Boris Johnson guaranteed TV news footage with his bulldozer stunt, smashing through a fake wall with the word ‘Gridlock’ written on it. The wall was made up of styrofoam bricks, which are a lot lighter and flimsier than a hung parliament. They were also white, not red, probably because the PM is nervous of bragging he really can smash through the ‘Red Wall’ of safe Labour seats.
Johnson is often as subtle as a brick (he famously used one as a prop in a conference speech), but his team think that’s no bad thing when it comes to Brexit - especially when Labour’s offer has seemed too nuanced at best, and confused at worst.
The party is clearly acutely aware of the need to reassure its Leave voters. Jeremy Corbyn today stressed his Brexit negotiating team would be made up of Leavers and Remainers. And last night, Angela Rayner said: “If we get a deal that protects the economy and jobs, then I would vote for it.”
As for the NHS, Corbyn rammed home his favourite message on the stump today after another photo emerged of a child waiting in A&E. “They say you’re politicising the NHS, but the NHS was created through political action!” That’s a classic Corbyn message, and both the health service and the pivot on Brexit in Leave areas are aimed at all those ‘undecideds’.

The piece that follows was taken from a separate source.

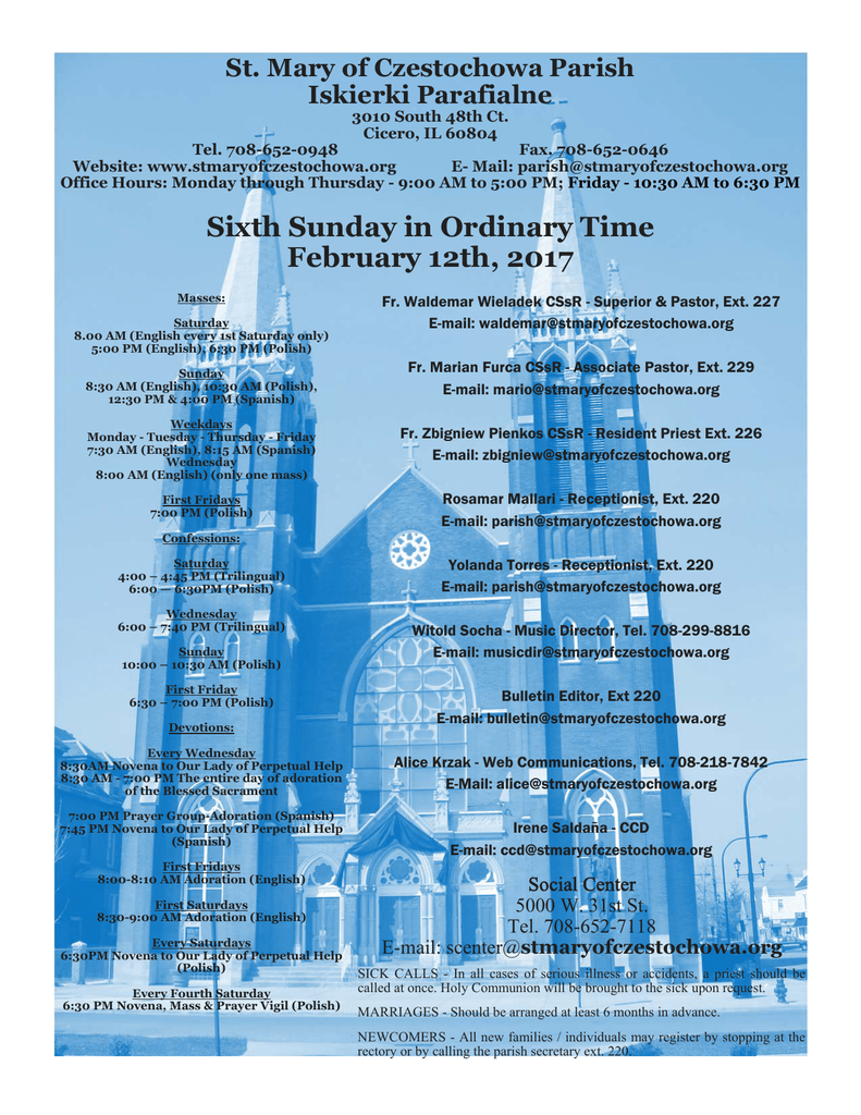 St. Mary of Czestochowa Parish Iskierki Parafialne 3010 South 48th Ct. Cicero, IL 60804 Tel. 708-652-0948 Fax. 708-652-0646 Website: www.stmaryofczestochowa.org E- Mail: [email protected] Office Hours: Monday through Thursday - 9:00 AM to 5:00 PM; Friday - 10:30 AM to 6:30 PM Sixth Sunday in Ordinary Time February 12th, 2017 Masses: Saturday 8.00 AM (English every 1st Saturday only) 5:00 PM (English), 6:30 PM (Polish) Sunday 8:30 AM (English), 10:30 AM (Polish), 12:30 PM & 4:00 PM (Spanish) Fr. Waldemar Wieladek CSsR - Superior & Pastor, Ext. 227 E-mail: [email protected] Fr. Marian Furca CSsR - Associate Pastor, Ext. 229 E-mail: [email protected] Weekdays Monday - Tuesday - Thursday - Friday 7:30 AM (English), 8:15 AM (Spanish) Wednesday 8:00 AM (English) (only one mass) Fr. Zbigniew Pienkos CSsR - Resident Priest Ext. 226 E-mail: [email protected] First Fridays 7:00 PM (Polish) Rosamar Mallari - Receptionist, Ext. 220 E-mail: [email protected] Confessions: Saturday 4:00 – 4:45 PM (Trilingual) 6:00 — 6:30PM (Polish) Wednesday 6:00 – 7:40 PM (Trilingual) Sunday 10:00 – 10:30 AM (Polish) First Friday 6:30 – 7:00 PM (Polish) Devotions: Every Wednesday 8:30AM Novena to Our Lady of Perpetual Help 8:30 AM - 7:00 PM The entire day of adoration of the Blessed Sacrament 7:00 PM Prayer Group-Adoration (Spanish) 7:45 PM Novena to Our Lady of Perpetual Help (Spanish) First Fridays 8:00-8:10 AM Adoration (English) First Saturdays 8:30-9:00 AM Adoration (English) Every Saturdays 6:30PM Novena to Our Lady of Perpetual Help (Polish) Every Fourth Saturday 6:30 PM Novena, Mass & Prayer Vigil (Polish) Yolanda Torres - Receptionist, Ext. 220 E-mail: [email protected] Witold Socha - Music Director, Tel. 708-299-8816 E-mail: [email protected] Bulletin Editor, Ext 220 E-mail: [email protected] Alice Krzak - Web Communications, Tel. 708-218-7842 E-Mail: [email protected] Irene Saldaña - CCD E-mail: [email protected] Social Center 5000 W. 31st St. Tel. 708-652-7118 E-mail: [email protected] SICK CALLS - In all cases of serious illness or accidents, a priest should be called at once. Holy Communion will be brought to the sick upon request. MARRIAGES - Should be arranged at least 6 months in advance. NEWCOMERS - All new families / individuals may register by stopping at the rectory or by calling the parish secretary ext. 220. Sunday Iskierki Parafialne 8:15 February 12, Sixth Sunday in the Ordinary Time 8:30 Homebound (St. Mary’s Choir) For Ron and Sylvia, love and health. †Ann Paida (Paida & Nowicki families) †Thomas Dutkiewicz (Hennessy Family) †Diana Madurzak (family) †Rita Barnak (Barnak family) 10:30 Za żyjących i zamarłych członków z Bractwa Różańcowego O zdrowie i Boże bł. pogodę ducha oraz opiekę Matki Bożej dla Rozalii Gutierrez W intencji Bogu wiadomej O wytrwanie w przyrzeczeniu dla Andrzeja †Henryk Kuta (Rodzina i znajomi) †Małgorzata Knieznik w 6-ta rocz. śm. (Rodzina) †Bożena Knieznik w 7-mą rocz. śm. (Rodzina †Maria Sadelska (Mąż i Dzieci) †Ignacy Papciak o radość wieczną (Rodzina) †Aniela Obrochta (Rodzina Gancarczyk) †Norbert Rachuba i Stefan Rachuba o wieczne odpoczywanie 12:30 Por la salud y bendiciones de Armando y Marbella en su 25° aniversario de boda †Petrita Domínguez, aniversario luctuoso (hijos y nietos) 4:00 †María Teresa Rivera y Jesús Vega Guzmán, eterno descanso (hijo) February 13, Monday, Weekday in Ordinary Time 7:30 †Kazimiera Klucznik 8:15 Feligreses February 14, Tuesday, Saints Cyril, Monk, and Methodius, Bishop 7:30 Blessings and health for Michael Yunker Jr on his 3rd birthday (Wojdula & Yunker family) 8:15 O zdrowie i Boże bł. dla Urszuli w dniu urodzin February 15, Wednesday, Weekday in Ordinary Time 8:00 †Jose Mendez, 1st anniversary (family) 8:30 Eucharistic Adoration until 7PM 7PM Circulo de oración 7:45 Novena a Ntra. Sra. del Perpetuo Socorro February 16, Thursday, Weekday in Ordinary Time 7:30 †Holy Souls in the Book of Remembrance 8:15 †Por las almas inscritas en el libro de la memoria February 17, The Seven Holy Founders of the Servite Order 7:30 Parishioners Feligreses February 18 Saturday, Weekday in Ordinary Time 5PM Parishioners 6:30 W intencjach próśb i podziękowań do M. B. Nieustającej Pomocy If you wish to request a mass for a deceased member or a blessing or to ask for the health of a loved one or friend, you may do so at the rectory. We are open Monday—Thursday from 9 AM to 5 PM and on Friday from 10:30 to 6:30 PM. A SMALL DONATION OF $10 PER INTENTION IS REQUIRED. Lector Schedule Saturday, February 18 5PM Sharon Wisnieski-Wente, Jean Yunker 6:30 Maria Rozanska, Felicja Jarzebowicz Sunday, February 19 8:30 John Kociolko 10:30 Alicja Krzak, Krzysztof Odbierzychleb 12:30 Los Jóvenes 4:00 Los niños Eucharistic Minister Saturday, February 18 5PM Jean Wojdula-Yunker, Frances Balla 6:30 Jan Różański Sunday, February 19 8:30 Christine Zaragoza, Ann Twomey, Ma. Carmen Castañeda 10:30 Krzysztof Odbierzychleb, Jan Radomyski, Jan Różański 12:30 Vicente Saldaña, Irene Saldaña, Nydia Cano, Ruth Trujillo 4:00 Rene Aviña, Gisela Aviña, Enrique García There is a promise of marriage between II Jose Luis Garcia & Raquel I. Salcido St. Mary of Czestochowa Sunday Collection, February 5, 2017 We ant to remind you that every Wednesday we pray the Novena to Our Lady of Perpetual Help, and during the Novena we read the petitions that have been requested. In order for you to request a petition, you will need to write down your intention, and place it in the depository box in form our the image of Our Lady of Perpetual Help. 2017 Annual Catholic Appeal “Love Your Neighbor As Yourself” Please spend some time this week reflecting on the Annual Catholic Appeal brochure that you received with your bulletin. Please remember that the Annual Catholic Appeal is much different than a one -time special collection. It is a pledge campaign where you can make a gift payable in installments. The

And those ‘undecideds’ are being picked up in big numbers both by Labour canvassers and by pollsters. If they just stay at home, that could still be very damaging in lots of marginal seats. If they switch to the Tories, they could provoke a huge Johnson majority. Some Labour activists have been seeing some shifting as these people ‘come home to Labour’ (as Unite’s slogan puts it).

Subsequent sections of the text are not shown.